Neues Buch von Michel Houellebecq: Flirt mit dem Willen
Kontemplatives Kunstverständnis: In Michel Houellebecqs Eloge auf den Philosophen Arthur Schopenhauer lauscht ein Pessimist dem anderen.
Mit Schopenhauer ist das so eine Sache. In Philosophieseminaren an der Uni konnte man immer wieder auf Teilnehmer stoßen, kauzige, verschlossene Typen, die, ganz gleich, was gerade Thema war, plötzlich mit einer Wortmeldung um die Ecke kamen. Sinngemäß schlugen sie meistens vor, als Lösung für alles quasi, sich doch am besten an Schopenhauer zu halten. Um dann, wenn ihr Begehr auf taube Ohren stieß, zu verstummen.
Anscheinend übt Schopenhauer eine nicht ganz ungefährliche Faszination auf seine Leser aus. Auch der französische Schriftsteller Michel Houellebecq bekennt sich in seinem Büchlein „In Schopenhauers Gegenwart“ zu Größe und Bedeutung des Philosophen. In aller Bescheidenheit reklamiert Houellebecq darin, dass seit 1860, dem Todesjahr Schopenhauers, auf intellektueller Ebene „nichts mehr passiert ist“.
Houellebecq lobt an Schopenhauer etwa ein „geschlossenes philosophisches System“, das sich bei Thomas Mann oder Sigmund Freud nicht finde. Nun gut, könnte man einwenden, die Herren waren eben keine Philosophen, da sucht man im Zweifel vergeblich nach derlei Dingen. Und überhaupt habt sich das mit den Systemdenkern nach Schopenhauer in der Philosophie mehr oder minder erledigt. Worin das System bei Schopenhauer besteht, dass die Begriffe „Vorstellung“ und „Wille“ dafür zentral sind, kann man ohne Vorbereitung bei Houellebecq allerdings nicht recht nachvollziehen. Doch das nur am Rande.
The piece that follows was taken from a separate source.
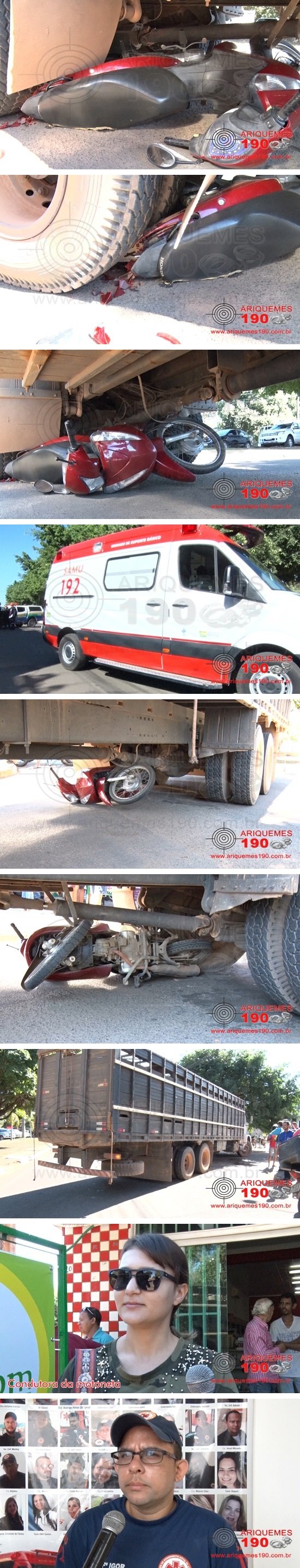 ARIQUEMES: Policial Militar escapa da morte após caminhão passar por cima de motoneta na Av. JK

Houellebecq tritt insofern wirklich bescheiden auf, als er die Hälfte der knapp 70 Seiten Text seinem Objekt der Bewunderung im Original einräumt. Die Auswahl der Schopenhauer-Zitate ist mehr oder minder repräsentativ für dessen Denken, den Kontext muss man sich überall ein bisschen dazu denken.
Michel Houellebecq:„In Schopenhauers Gegenwart“. Aus d. Französischen v. Stephan Kleiner. Dumont Verlag, Köln 2017, 76 Seiten, 18 Euro
Es sind eher Schnappschüsse, mit denen Houellebecq aufwartet. Mit mehr oder minder erhellenden Einlassungen des Schriftstellers umrahmt.
Toll findet er an Schopenhauer besonders, dass dieser sich als „Philosoph des Willens“ betätigt hat. Dass Schopenhauer damit Neuland betreten habe, das niemand vor ihm und auch nach ihm kaum jemand betreten habe, kann man allerdings nicht einfach so stehenlassen. In einem Sinn stimmt es wohl: So, wie Schopenhauer den Begriff „Willen“ deutet, haben das tatsächlich wenige sonst getan. Andererseits führt Houellebecq durchaus Spinoza an, dessen Begriff des Conatus, des Selbsterhaltungstriebs, vereinfacht gesprochen, ein direktes Vorbild für Schopenhauers Willensbegriff war. Womit Houellebecq sich im Grunde selbst widerspricht.
Gar nichts tun
Allemal interessant ist das kontemplative Kunstverständnis, das Houellebecq bei Schopenhauer entdeckt. Demnach ist ein Künstler weniger jemand, der Werke produziert, als jemand, der die Welt in einer bestimmten Weise anschaut. „Der Künstler ist immer einer, der ebenso gut gar nichts tun könnte,“ so Houellebecq, „der allein mit der Versenkung in die Welt und einer damit verbundenen vagen Träumerei zufrieden wäre“. Umgekehrt kann die Kunstproduktion der Kunst selbst sogar abträglich sein. Als Gedanke allemal reizvoll, wenn auch nicht gänzlich im Sinne des Kunstmarkts.
Über ein weihevolles Lob kommt Houellebecq ansonsten kaum hinaus. In Sätzen wie: „Er stellte die Wahrheit systematisch über die Originalität, was für jemanden von seinem Niveau alles andere als einfach gewesen sein muss“, offenbart sich bei Houellebecq zudem ein merkwürdiges (Miss-)Verständnis der Philosophie als solcher. Dass hier ein erklärter Pessimist hingebungsvoll dem anderen lauscht, geht aber alles in allem in Ordnung.